• [HOW TO COMPLETE THIS TASK]: Although the records contain pictures, none belong in the copy: restate word for word only the lines from the one with "Ilustracion de brújula" through the one with "ns DOX ns)。通过SESA算法测量炭疽杆菌的生长。", both included.

• [DATA FOR ANALYSIS]:
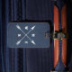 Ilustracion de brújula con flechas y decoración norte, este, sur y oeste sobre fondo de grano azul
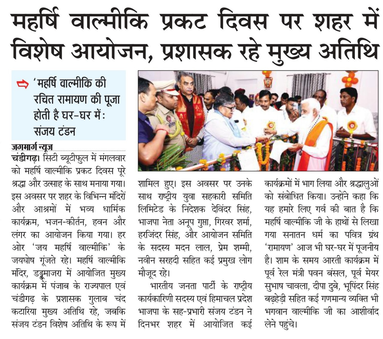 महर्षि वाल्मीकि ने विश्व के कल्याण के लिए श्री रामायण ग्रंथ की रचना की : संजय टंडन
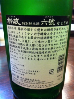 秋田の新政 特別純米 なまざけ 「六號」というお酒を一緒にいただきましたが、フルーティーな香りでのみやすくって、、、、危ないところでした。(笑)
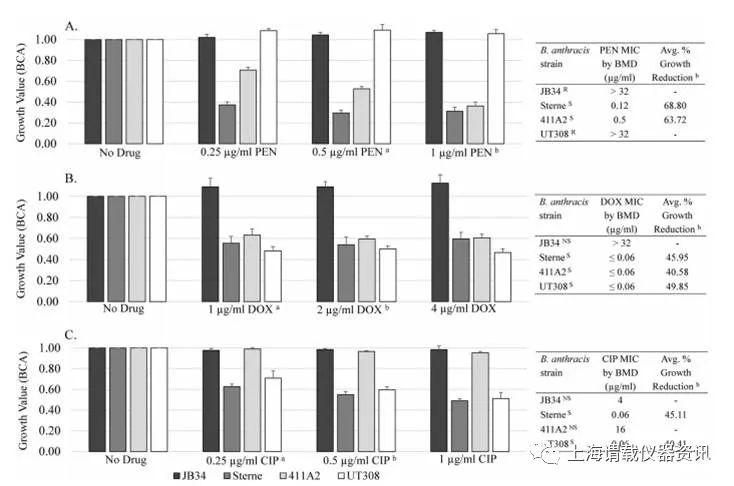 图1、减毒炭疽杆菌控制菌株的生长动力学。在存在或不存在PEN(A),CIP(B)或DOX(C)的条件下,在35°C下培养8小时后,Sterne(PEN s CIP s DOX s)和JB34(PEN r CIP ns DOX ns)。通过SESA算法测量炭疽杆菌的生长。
==
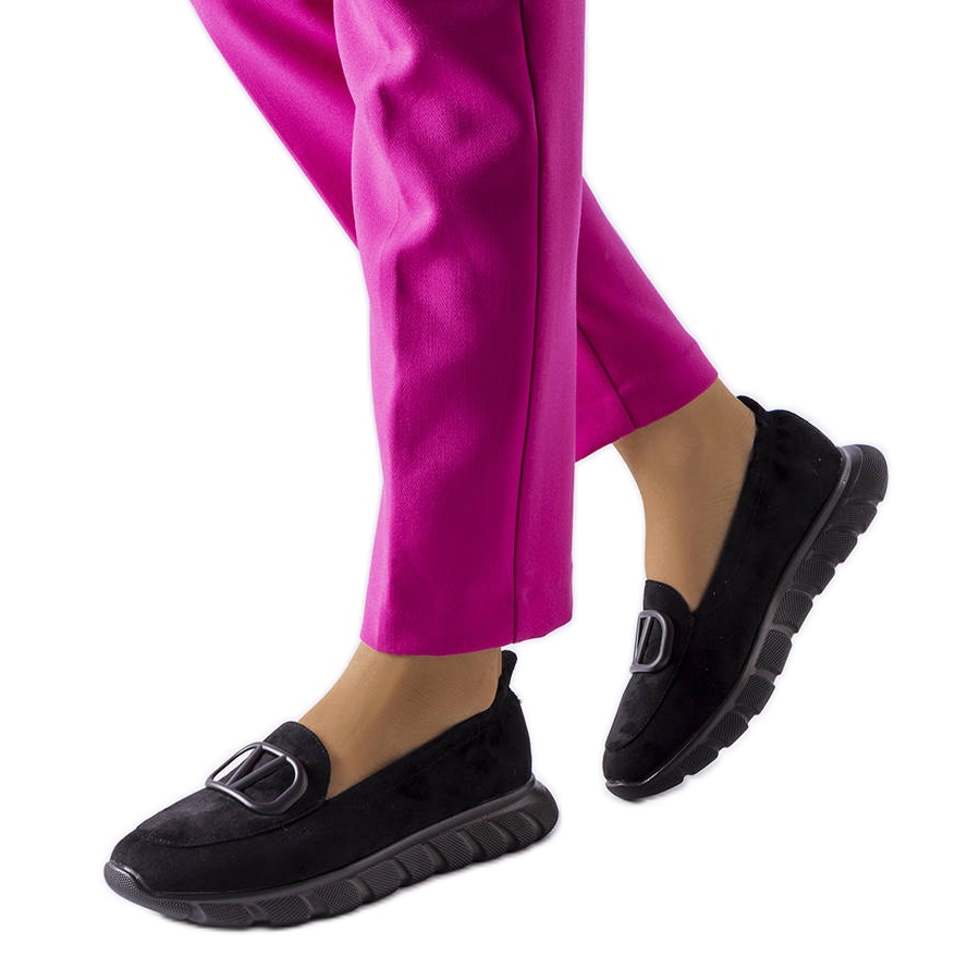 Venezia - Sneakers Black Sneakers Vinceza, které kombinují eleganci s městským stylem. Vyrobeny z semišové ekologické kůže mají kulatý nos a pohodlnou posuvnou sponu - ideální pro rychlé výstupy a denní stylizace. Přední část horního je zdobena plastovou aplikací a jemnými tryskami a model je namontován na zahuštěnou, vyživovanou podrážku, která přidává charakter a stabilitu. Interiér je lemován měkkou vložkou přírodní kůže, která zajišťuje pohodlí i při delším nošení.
---
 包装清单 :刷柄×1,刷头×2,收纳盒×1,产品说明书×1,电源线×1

• [ANSWER FOR THE TASK]:
 Ilustracion de brújula con flechas y decoración norte, este, sur y oeste sobre fondo de grano azul
 महर्षि वाल्मीकि ने विश्व के कल्याण के लिए श्री रामायण ग्रंथ की रचना की : संजय टंडन
 秋田の新政 特別純米 なまざけ 「六號」というお酒を一緒にいただきましたが、フルーティーな香りでのみやすくって、、、、危ないところでした。(笑)
 图1、减毒炭疽杆菌控制菌株的生长动力学。在存在或不存在PEN(A),CIP(B)或DOX(C)的条件下,在35°C下培养8小时后,Sterne(PEN s CIP s DOX s)和JB34(PEN r CIP ns DOX ns)。通过SESA算法测量炭疽杆菌的生长。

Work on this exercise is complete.